• DATASET EXCERPT:
◇ ◇ ◇ ◇

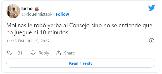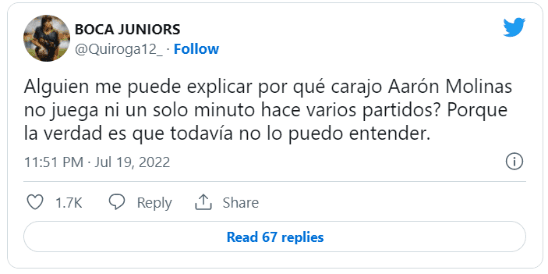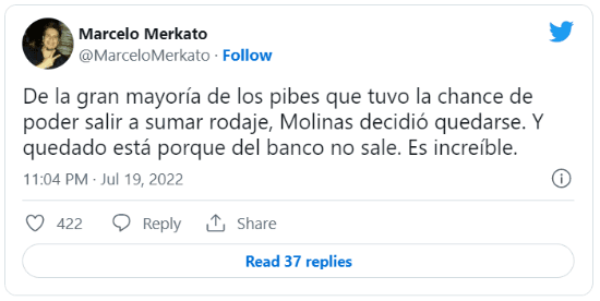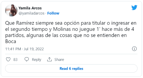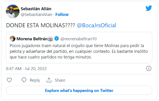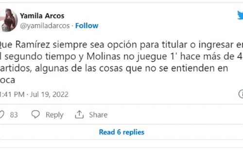 La periodista lo escribió sin filtro en su cuenta de Twitter: “Pocos jugadores traen natural el orgullo que tiene Molinas para pedir la pelota y adueñarse del partido, en cualquier contexto. Es bastante insólito que hace cuatro partidos no tenga minutos”.
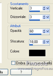 qui puoi trovare qualche risposta ai tuoi dubbi. Se l'argomento che ti interessa non è presente, ti prego di segnalarmelo. Questo tutorial è stato tradotto con CorelX, ma può essere eseguito con ogni versione di PSP. Dalla versione X4, il comando Immagine>Rifletti è stato sostituito con Immagine>Capovolgi in orizzontale, e il comando Immagine>Capovolgi con Immagine>Capovolgi in verticale. Nelle versioni X5 e X6, le funzioni sono state migliorate rendendo disponibile il menu Oggetti. Con la nuova versione X7, sono tornati Rifletti/Capovolgi, ma con nuove differenze Vedi la scheda sull'argomento qui traduzione in francese qui Occorrente: Materiale qui Il tube usato è ©Danime http://danime-chan.deviantart.com/ ![]() se stai usando altri colori, sperimenta le modalità di miscelatura e opacità più adatte ai tuoi colori 1. Apri una nuova immagine bianca 600 x 600 pixels. ![]() 2. Apri il tube Bloem e vai a Modifica>Copia. Torna al tuo lavoro e vai a Modifica>Incolla come nuovo livello. 3. Apri il tube Ster e vai a Modifica>Copia. Torna al tuo lavoro e vai a Modifica>Incolla come nuovo livello. 4. Apri il tube Bloem2 e vai a Modifica>Copia. Torna al tuo lavoro e vai a Modifica>Incolla come nuovo livello. 5. Apri il tube touwdecoratie e vai a Modifica>Copia. Torna al tuo lavoro e vai a Modifica>Incolla come nuovo livello. Spostalo un po' più in alto e a sinistra.![]() 6. Apri il tube ÑDanimechan_leversa_tubedbyLiz e vai a Modifica>Copia. Torna al tuo lavoro e vai a Modifica>Incolla come nuovo livello. Immagine>Rifletti. 7. Immagine>Ridimensiona, al 60%, tutti i livelli non selezionato. Sposta il tube in basso a destra.8. Effetti>Effetti 3D>Sfalsa ombra, colore nero. ![]() 9. Apri il tube DanimeChanStrawberryShortcakeConnyTube e vai a Modifica>Copia. Torna al tuo lavoro e vai a Modifica>Incolla come nuovo livello. . Immagine>Rifletti. Immagine>Ridimensiona, all'80%, tutti i livelli non selezionato. Sposta il tube in basso a sinistra.10. Effetti>Effetti 3D>Sfalsa ombra, colore nero. ![]() 11. Apri il tube Blaadjes e vai a Modifica>Copia. Torna al tuo lavoro e vai a Modifica>Incolla come nuovo livello. Immagine>Rifletti. Immagine>Capovolgi. 12. Livelli>Disponi>Sposta giù - due volte. Posiziona le foglie in basso a destra.![]() 13. Effetti>Effetti 3D>Sfalsa ombra, con i settaggi precedenti. 14. Ripeti l'Effetto Sfalsa ombra sui livelli Raster 2, 3, 4 e 5. 15, Immagine>Aggiungi bordatura, 4 pixels, simmetriche, con un colore della tua immagine. 16. Firma il tuo lavoro su un nuovo livello. Livelli>Unisci>Unisci tutto e salva in formato jpg. ![]() Se hai problemi o dubbi, o trovi un link non funzionante, o anche soltanto per un saluto, scrivimi. 8 Agosto 2017 |
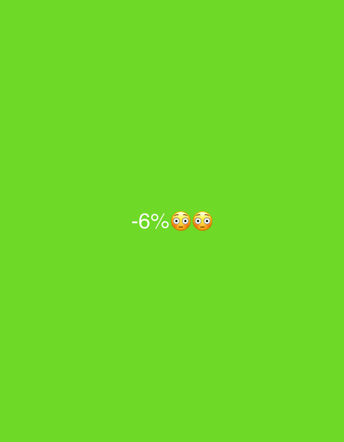 A green background displays "-6%" followed by two shocked-face emojis. The emojis are positioned to the right of the percentage. The text and emojis are centered on the image.
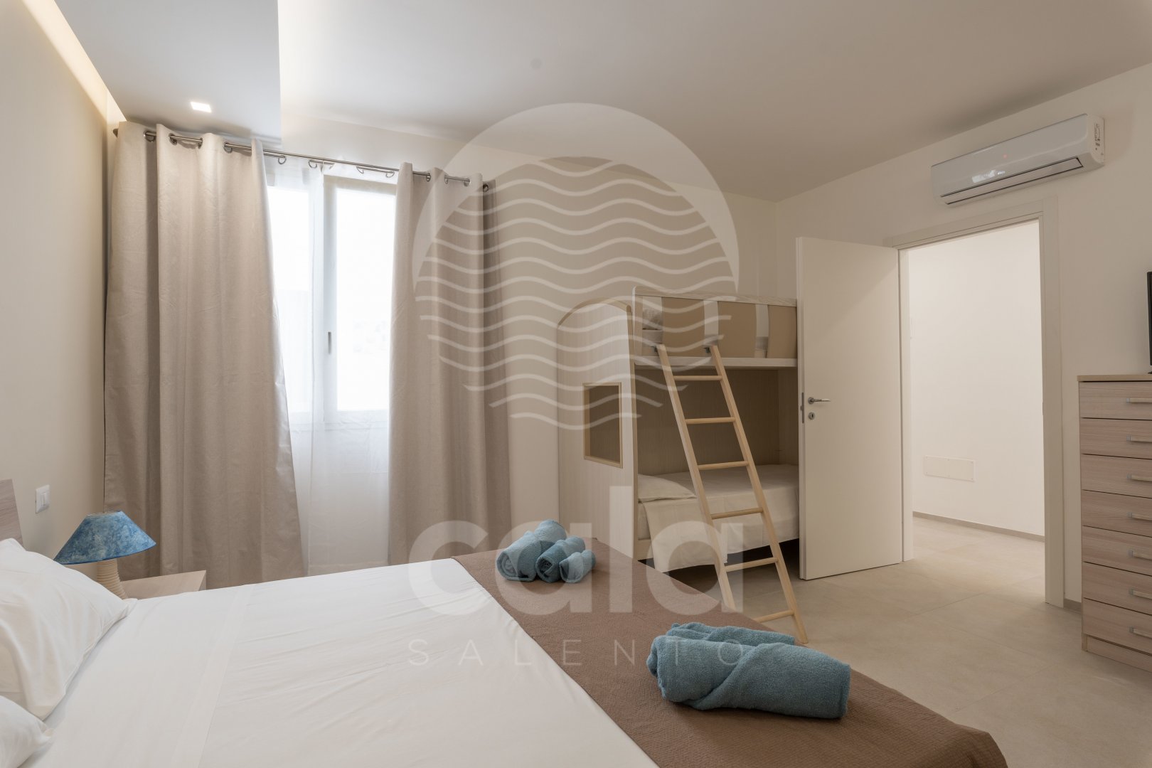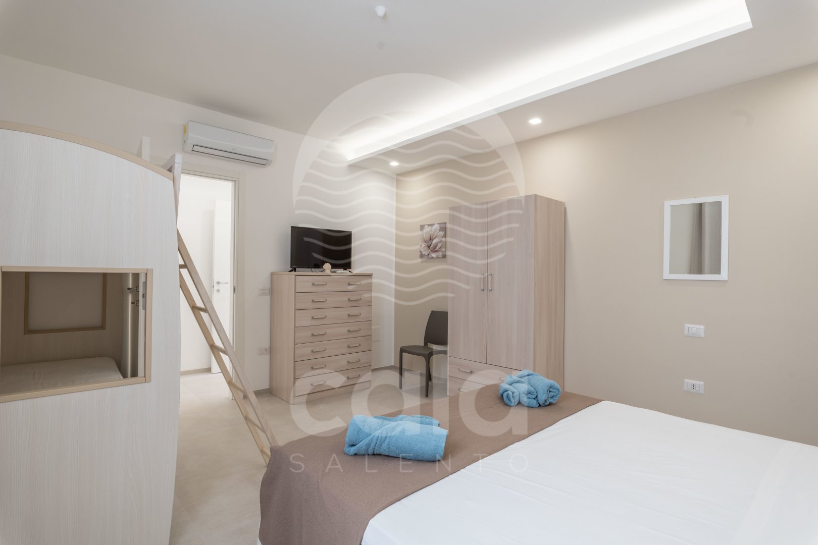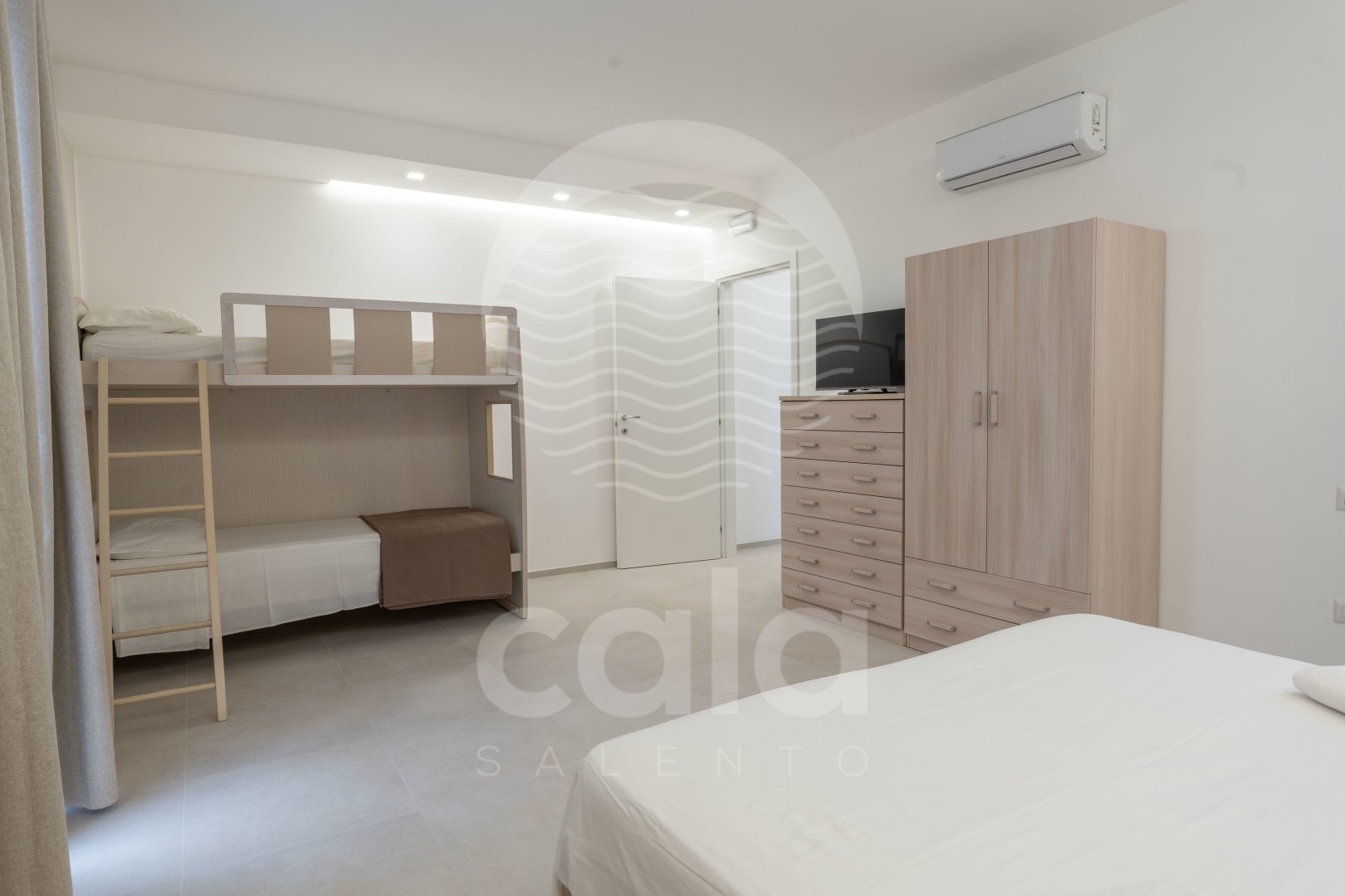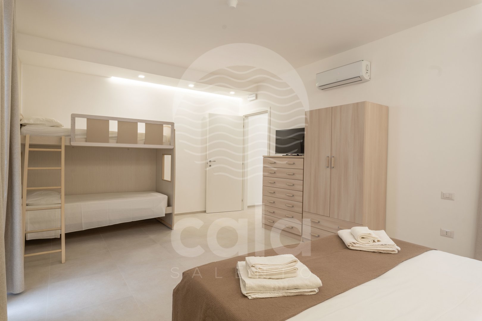 ÜBERNACHTUNGSMÖGLICHKEITEN: 2 Schlafzimmer (1. Schlafzimmer mit Doppelbett und klimatisiertem Etagenbett; 2. Schlafzimmer mit Doppelbett und klimatisiertem Etagenbett). Zwei Badezimmer mit WC und Dusche.

◇ ◇ ◇ ◇

• WORK ITEM: Your response should reproduce the entire listing verbatim, minus the pictures.

• TASK ANSWER:
 La periodista lo escribió sin filtro en su cuenta de Twitter: “Pocos jugadores traen natural el orgullo que tiene Molinas para pedir la pelota y adueñarse del partido, en cualquier contexto. Es bastante insólito que hace cuatro partidos no tenga minutos”.
 qui puoi trovare qualche risposta ai tuoi dubbi. Se l'argomento che ti interessa non è presente, ti prego di segnalarmelo. Questo tutorial è stato tradotto con CorelX, ma può essere eseguito con ogni versione di PSP. Dalla versione X4, il comando Immagine>Rifletti è stato sostituito con Immagine>Capovolgi in orizzontale, e il comando Immagine>Capovolgi con Immagine>Capovolgi in verticale. Nelle versioni X5 e X6, le funzioni sono state migliorate rendendo disponibile il menu Oggetti. Con la nuova versione X7, sono tornati Rifletti/Capovolgi, ma con nuove differenze Vedi la scheda sull'argomento qui traduzione in francese qui Occorrente: Materiale qui Il tube usato è ©Danime http://danime-chan.deviantart.com/ ![]() se stai usando altri colori, sperimenta le modalità di miscelatura e opacità più adatte ai tuoi colori 1. Apri una nuova immagine bianca 600 x 600 pixels. ![]() 2. Apri il tube Bloem e vai a Modifica>Copia. Torna al tuo lavoro e vai a Modifica>Incolla come nuovo livello. 3. Apri il tube Ster e vai a Modifica>Copia. Torna al tuo lavoro e vai a Modifica>Incolla come nuovo livello. 4. Apri il tube Bloem2 e vai a Modifica>Copia. Torna al tuo lavoro e vai a Modifica>Incolla come nuovo livello. 5. Apri il tube touwdecoratie e vai a Modifica>Copia. Torna al tuo lavoro e vai a Modifica>Incolla come nuovo livello. Spostalo un po' più in alto e a sinistra.![]() 6. Apri il tube ÑDanimechan_leversa_tubedbyLiz e vai a Modifica>Copia. Torna al tuo lavoro e vai a Modifica>Incolla come nuovo livello. Immagine>Rifletti. 7. Immagine>Ridimensiona, al 60%, tutti i livelli non selezionato. Sposta il tube in basso a destra.8. Effetti>Effetti 3D>Sfalsa ombra, colore nero. ![]() 9. Apri il tube DanimeChanStrawberryShortcakeConnyTube e vai a Modifica>Copia. Torna al tuo lavoro e vai a Modifica>Incolla come nuovo livello. . Immagine>Rifletti. Immagine>Ridimensiona, all'80%, tutti i livelli non selezionato. Sposta il tube in basso a sinistra.10. Effetti>Effetti 3D>Sfalsa ombra, colore nero. ![]() 11. Apri il tube Blaadjes e vai a Modifica>Copia. Torna al tuo lavoro e vai a Modifica>Incolla come nuovo livello. Immagine>Rifletti. Immagine>Capovolgi. 12. Livelli>Disponi>Sposta giù - due volte. Posiziona le foglie in basso a destra.![]() 13. Effetti>Effetti 3D>Sfalsa ombra, con i settaggi precedenti. 14. Ripeti l'Effetto Sfalsa ombra sui livelli Raster 2, 3, 4 e 5. 15, Immagine>Aggiungi bordatura, 4 pixels, simmetriche, con un colore della tua immagine. 16. Firma il tuo lavoro su un nuovo livello. Livelli>Unisci>Unisci tutto e salva in formato jpg. ![]() Se hai problemi o dubbi, o trovi un link non funzionante, o anche soltanto per un saluto, scrivimi. 8 Agosto 2017 |
 A green background displays "-6%" followed by two shocked-face emojis. The emojis are positioned to the right of the percentage. The text and emojis are centered on the image.
 ÜBERNACHTUNGSMÖGLICHKEITEN: 2 Schlafzimmer (1. Schlafzimmer mit Doppelbett und klimatisiertem Etagenbett; 2. Schlafzimmer mit Doppelbett und klimatisiertem Etagenbett). Zwei Badezimmer mit WC und Dusche.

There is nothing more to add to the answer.